Heap Sort Time Complexity

Consider the below figure and suppose that The heapsort technique is performed to an n-element array A. The method is divided into two phases for better understanding, and the complexity of each phase is evaluated independently.

Fig. 01: Data array 'A' of n-length.

First Phase: Now consider that 'H' is a heap for finding the complexity of heapsort. Take note that the number of comparisons required to locate the suitable location of a new member ITEM in 'H' cannot exceed the depth of the 'H' heap.

The heap H's depth is totally restricted by log₂m, where m is the number of items in the heap 'H'.

As a result, the total number of first_phase(n) comparisons required to insert the n items of the data array A into 'H' is constrained as follows:

first_phase(n) = n log₂ n

So, at the last, the first phase time complexity is proportional to n log₂ n.

Second Phase: Assume that the heap 'H' is totally free with m elements, that the left and right subtrees of 'H' are heaps, and that 'L' is the root of 'H'. Re-heaping employs four comparisons to shift the node 'L' one step down the tree 'H'.

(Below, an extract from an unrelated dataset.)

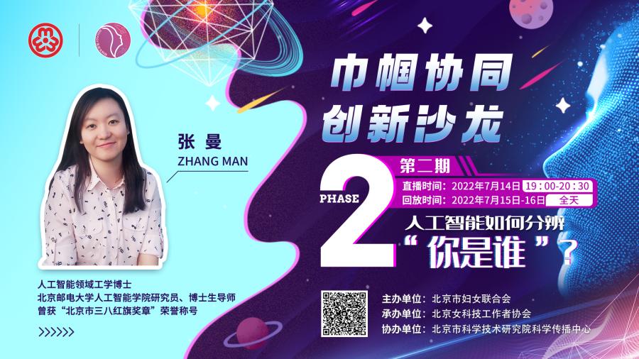第二期 “沙龙”的主题是“人工智能如何分辨你是谁”。邀请人工智能领域工学博士,北京邮电大学人工智能学院研究员、博士生导师,北京市三八红旗奖章获得者——张曼,从生物特征识别技术入手,深入浅出地介绍了人脸识别技术、虹膜识别技术和步态识别技术的原理和应用领域,并对几种常见的生物特征识别带来的安全问题进行了案例分析。

Fig. 02: The heap 'H' with 'L' root and Child.

Because the depth of H can not exceed log₂ m, re-heaping employs no more than four log₂, m comparisons to locate the right location of L in the tree H. Are you thinking, what is the 'm'? Don't worry. The m represents the number of items in the heap 'H'.

This indicates that the total number second_phase(n) of comparisons required to delete the n elements of A from the heap 'H', requiring re-heaping n times, is constrained as follows:

second_phase(n) = 4n log₂ n

Ok. Finally, we get the second phase of time complexity. We can say that the time complexity of the second phase for the heap sort is proportional to n log₂ n.